The reward is great, isn’t it?  It’s great because the One Who gives it is great.  To look up into the heavenlies with the eye of faith and see Him, as Steven did when he was stoned, to see Him as He sits at the right hand of the Father, to see Him as the Lamb of God slain before the foundation of the world!  To see Him brighter than the blazing sun – with that Sword proceeding from His mouth – “for they shall see God ... for they shall be called sons of God... for they shall be filled... for they shall receive mercy... for they shall inherit the earth... for theirs is the Kingdom of the Heavens.

Our Lord finishes his description of His Own people by saying, “for thus they persecuted the prophets before you.”  Jesus points to the prophets of the past, so many of whom were sent to Israel and were humiliated, ignored and murdered.  In Matthew chapter twenty-three Jesus laid upon them the deaths of prophets from Abel to Zechariah.  And in only one way can one join the list of heroic martyrs – by joyfully receiving persecution for Christ’s sake.  The wounds and hurts are “medals of honor” for him, and they attest to the fact that we live in Him and not in the world order – for “all who live Godly in Christ shall suffer persecution.”

The restoration of all things under the reign of Christ, being everywhere promised in Scripture and a basic tenet of Reformed Theology, has, in some people, fostered a vain confidence.  But as soon as Christ’s disciples succeed to the place of the prophets, they must sustain the same contest that engaged the prophets!

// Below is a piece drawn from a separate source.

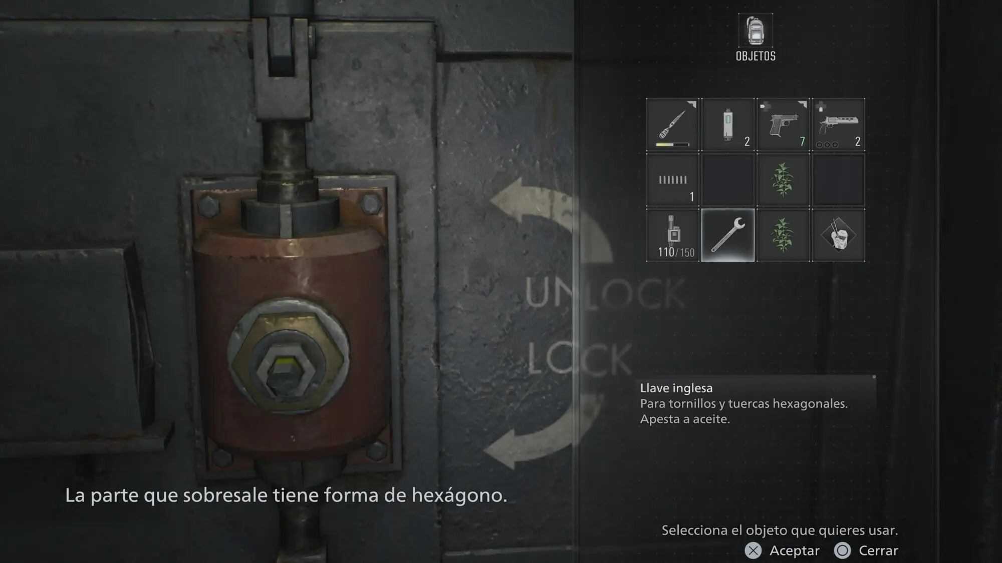 | Cerrojo hexagonal — Llave inglesa | Puerta en zona de cocinas | Primer uso directo de la Llave inglesa que Grace lleva desde el inicio |

The heroes of the past were first, and they were persecuted.  And Christ’s followers take their place!  It’s a promise of Christ!  Right here in the Luke parallel to this verse he says don’t think that prosperity will follow if you engage as the prophets did.  Men are intoxicated by prosperity!  And Christ pronounces a curse on those who receive their consolation in the world.

But joy, consolation and fulfillment – occurs when the elect men and women in Christ engage the battle and are persecuted and suffer because of Christ!  Great is their reward in the heavens!  The prophets engaged and suffered – Christ engaged and suffered – and so will you!

Luke then records Christ’s woes against the full and satisfied, not because they enjoy blessings given by God, but because they are lifted up by confidence in the blessings of the world.  They avoid any kind of trouble associated with engaging for the glory of God!  And the next woe has to do with the applause of men.  The world order applauds the false teacher who doesn’t engage the battle for truth, but seeks to mollify men to receive their favor!  It seems that many are afraid of the scars of warfare for Him.

But with the nature and character of Christ here in the beatitudes, Christians are to put on the breastplate of righteousness, wrap our loins in truth, shod ourselves with the Gospel of peace, defend ourselves with the shield of faith – and pick up the Sword and begin to engage the battle!  The nature of Jesus and a weapon.

Our Lord Jesus sacrificed His body and shed His blood to win the victory.  And it’s time to engage so the prophets did.